Acepta que vas a tener siempre frío en los pies. Da igual lo que hagas. Invierte en calcetines de lana.
Ten siempre a mano un buen puñado de cosas que puedan salvarte la vida cuando sea necesario. En mi caso: un libro que me atrape, escribir un diario, y poner a todo volumen una playlist de salsa, que como mínimo empiece con dos o tres hits de Juan Luis Guerra.
Acepta tus contradicciones, tu ciclotimia y tus días de mierda. Nena, eres Géminis. Esto venía en el pack: la capacidad extrema de disfrute, la sociabilidad y la creatividad. No se puede estar siempre high.
El mayor amor que puedes dar, tanto a ti como a los demás, empieza con el amor propio. En esto vamos work in progress. Conclusión: VETE A TERAPIA.
Todo el mundo tiene un talón de Aquiles. El mío es el cansancio. Procura no decir, hacer, pensar, tomar decisiones o cuestionarte nada realmente importante cuando estés en esa situación.
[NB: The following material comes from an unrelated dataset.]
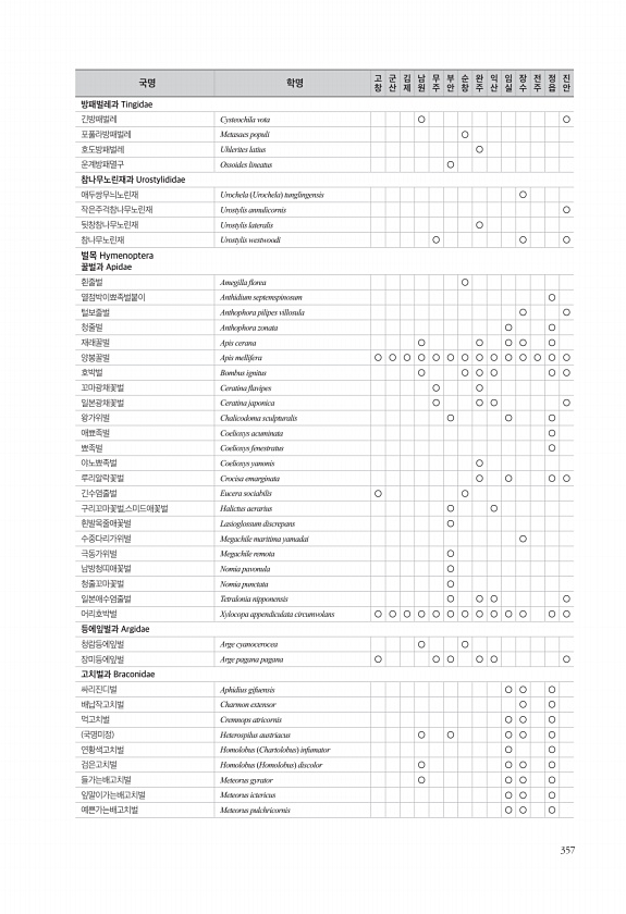 357 방패벌레과 Tingidae 긴방패벌레 Cysteochila vota ○ ○ 포풀라방패벌레 Metasaes populi ○ 호도방패벌레 Uhlerites latius ○ 운계방패멸구 Ossoides lineatus ○ 참나무노린재과 Urostylididae 애두쌍무늬노린재 Urochela Urochela tunglingensis ○ 작은주걱참나무노린재 Urostylis annulicornis ○ 뒷창참나무노린재 Urostylis lateralis ○ 참나무노린재 Urostylis westwoodi ○ ○ ○ 벌목 Hymenoptera 꿀벌과 Apidae 흰줄벌 Amegilla forea ○ 열점박이뾰족벌붙이 Anthidium septemspinosum ○ 털보줄벌 Anthophora pilipes vi...

Acepta que tus tiempos no necesariamente son los de otras personas. Si las cosas tienen que ser, serán. No pretendas controlarlo todo.
Sé NICE. Ya hay demasiada mierda en el mundo como para dosificar las sonrisas. Son gratis.
La vulnerabilidad te traerá disgustos, pero en el fondo es tu mayor fortaleza.
Asume que no eres especial, pero tampoco pases por la vida de puntillas.
Vive la vida actuando en consecuencia, para que, si murieras mañana, al menos un buen puñado de personas pudiera decir en tu funeral eso de “Siempre se van los mejores”.
Y, una vez más, parafraseando a Cleo (6 años), recuerda cada día que LOS AMIGOS SON EL REGALO. Celébralos, cuídalos y valóralos, porque ellos son el amor de tu vida. ❤️
No hay ni un solo pero que, un año después, pueda ponerle a ese texto, aun a pesar de que yo esté a años luz de la persona que era hace 365 días. Y eso es algo maravilloso y fascinante al mismo tiempo.
Pero si tengo que añadir algo, sería lo siguiente:
El otoño no es infinito. Aunque no te lo creas, VOLVERÁS A SER VERANO.
Te lo prometo.
Que bueno.!!!
Fantástico! Y feliz cumple :)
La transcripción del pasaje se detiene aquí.